世上有一种情,叫亲情
血浓于水,亲情无价。
小琪刚由护士从产房里抱出来的时候,就张大她的嘴巴哇哇的哭喊着,在寂静的楼道里此起彼伏的,让人有一种仿佛被遗弃了的感觉。两岁的我据说当时正在好奇的拿着一个护士的布娃娃玩着,听到她的声音,就紧跟在奶奶的屁股后面朝着门口跑去,我着急的样子被大人说做是调皮鬼。
可是,就在那个时候,我知道我有一个妹妹了,年幼的我不知道当时我的心情是如何的激动。就在前天的晚上,妈妈还让我摸了摸她的肥大的肚皮,告诉我,玲子,你就快要有个弟弟了。妈妈的脸上是一幅欣喜的表情。在幼小的心灵里,我知道,妈妈的盼望是多么的急切,以至于在当时,我就清楚,妈妈是无比的渴望有个儿子啊。
可是就在一分钟后,我清楚地记得,当父亲从一边着急的跑了过来,又转身离去时,我知道我们家里迎来的又是一个女孩子。父亲激烈的话语还在耳边回响,他指着母亲大声的说,“你有什么本事?你不是说你很能吗?”刚刚经过阵痛的母亲委屈地哭了起来。但是父亲的声音越发大了起来。他说,“只有哭的本事”。这时,奶奶从旁边走过来,拉住了父亲的手,用眼睛在制止。然后她又走到母亲的身旁,冷冷地说,“玲子她妈,不是我说你,都第二胎了,你也该为咱们张家添个香火了。”我看见母亲的眼泪止不住又流了下来。
父亲当时奇怪的表情一直都是我心中难解的谜。当我进入高中,我才明白,其实父亲对母亲的指责是没有来由的。生孩子是两个人的事,而且,只有父亲的染色体才是其中最重要的。小琪的到来,有四分之三的因子是来自父亲,而母亲只有四分之一的因子。然而,他们还是做着自己的事情,父亲认为他是对的,没有人指责他;母亲自己觉得她真的是没有尽到作妻子的责任,没有人肯定她所做的贡献。这件事情一直持续到他们都双方老去。
这是1972年的夏天。从那个夏天开始,我就开始和我的妹妹一起玩。父母都几乎没有时间来陪伴我们,也许是因为太忙,也许是因为别的什么。我们的生活很平淡,我给小琪讲小燕子,唱歌曲。我们一块捏泥巴,堆房子。看着有大一点的小孩子向我妹妹丢石头时,我会大声吼着向他们跑去。有一次,我还因此被打出了鼻血。妈妈知道后,拉住了我们的手,眼睛里带着泪花说,“记住,你们是亲姐妹。”

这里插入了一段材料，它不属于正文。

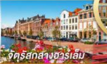
จัตุรัสกลางฮาร์เล็ม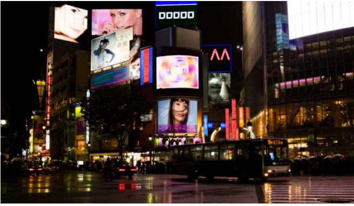
Tokyo de nit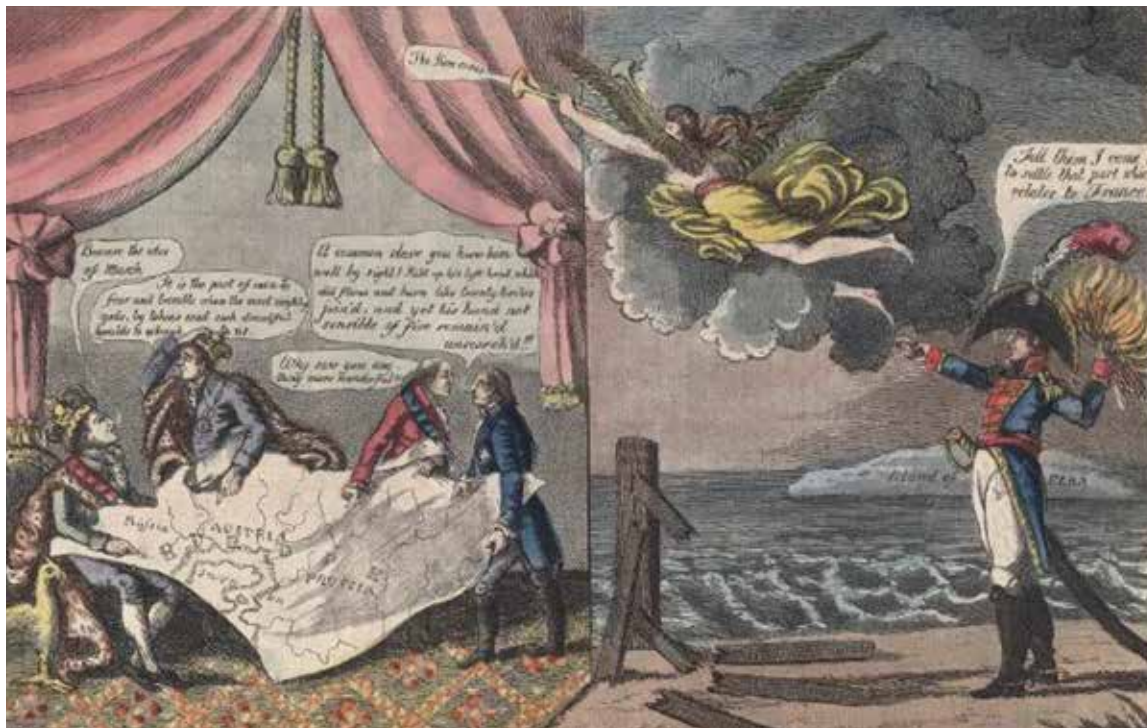
'Het congres van Wenen in grote consternatie.' Links de geallieerden met een kaart van Europa. Een engel kondigt Napoleons ontsnapping uit Elba aan. Het hek dat Napoleon moet tegenhouden, met daarop de tekst 'Louis XVIII' is gebroken. Spotprent uit 1814.

bij eigenlijk alle landen van Europa waren uitgenodigd, maar acht landen waren de hoofduitnodigers, en van die acht deelden eigenlijk vier de lakens uit. In de eindfase van de strijd tegen Napoleon, in 1814-1815, was een nieuwe hiërarchie uitgekristalliseerd. De landen, Rusland, Pruisen, Oostenrijk en Engeland, benoemden zichzelf als eersterangs mogendheden. Al in 1805 correspondeerde de tsaar met William Pitt, de Britse premier, over de contouren van die nieuwe naoorlogse orde. Dat was het stuk dat de Britse minister van Buitenlandse Zaken, Castlereagh, in 1815 opnieuw verspreidde. Frankrijk zou tijdelijk bevoegd worden, maar zou later wel weer tot de eersterangs mogendheden gaan behoren op grond van omvang, macht en politieke positie. De tweederangs mogendheden waren Spanje, Portugal, Zweden en Nederland. Er waren tot slot ook nog derderangs mogendheden, zoals Hessen of Zwitserland. Die landen mochten blij zijn dat ze nog overleefden na 1815 en niet waren weggeorganiseerd. In Wenen werd echter nog niet nagedacht over de concrete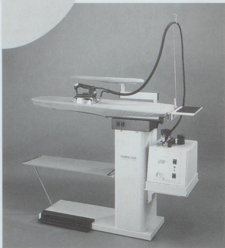
Die professionelle Bügelstation «DINO» kompakt – platzsparend – zuverlässig

1962–2002 40 Jahre Ihr Partner in der Bügelei!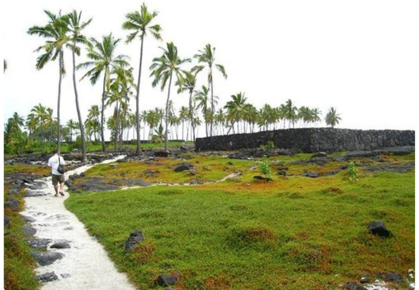
Pu'uhonua o Honaunaun kansallispuisto sijaitsee havaijilaisten pyhällä maalla.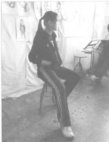
图19 人物模特儿 持几架 景照片

在画速写时先了解动态目的，观察动态的过程，选择生动的瞬间和恰当的角度，确定作画位置。速写主要是考查我们的观察能力和概括能力，在作画前一定要观察到要把握的重点，概括出大的基本形和动态，意在笔先，胸有成竹。在理解时，一定往最简单处理解，大胆舍弃，大胆联想，大胆落笔（如图19）。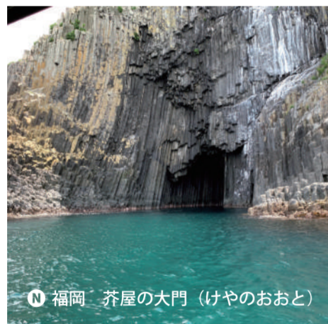
N 福岡 芥屋の大門 (けやのおと)

鬼界カルデラジオパークの関係者である私は、三島村という枠組みで活動方針を考える癖がある。それは間違っていないかもしれないが、役割をもらっているためか、つい任された行政区内ばかりに焦点を当て、推し出すことを考えてしまう。

我和妹妹之间谁也离不开谁了。学习上,我把新书包让给了她,而她又把没有削的铅笔留给我。我们结伴上学,放学后,我们又一同出去玩。时间过的真快,我们同时考是了大学(当时,为了照顾妹妹,我和她一同上的学)。我去了西北的一所普通学校,而让妹妹上了外地一所著名大学,为此,妹妹总是说,是我让了她。我对她说,没有什么,毕竟我们是亲姐妹呀。
毕业后,我在当地找了一个普通工作。2006年的有一天,单位组织人员进行体检,我惊讶的发现,我竟然得了一种罕见的怪病,需要换肾。我的亲爱的妹妹从南方急急的赶来,看见我泪流满面。
一个星期后,当我在温暖的阳光中醒来,看见对面床上躺着我的妹妹,是她把她的一只肾给了我,让我在这一天,看到了春天的阳光。
我知道,世上有一种情,叫作亲情。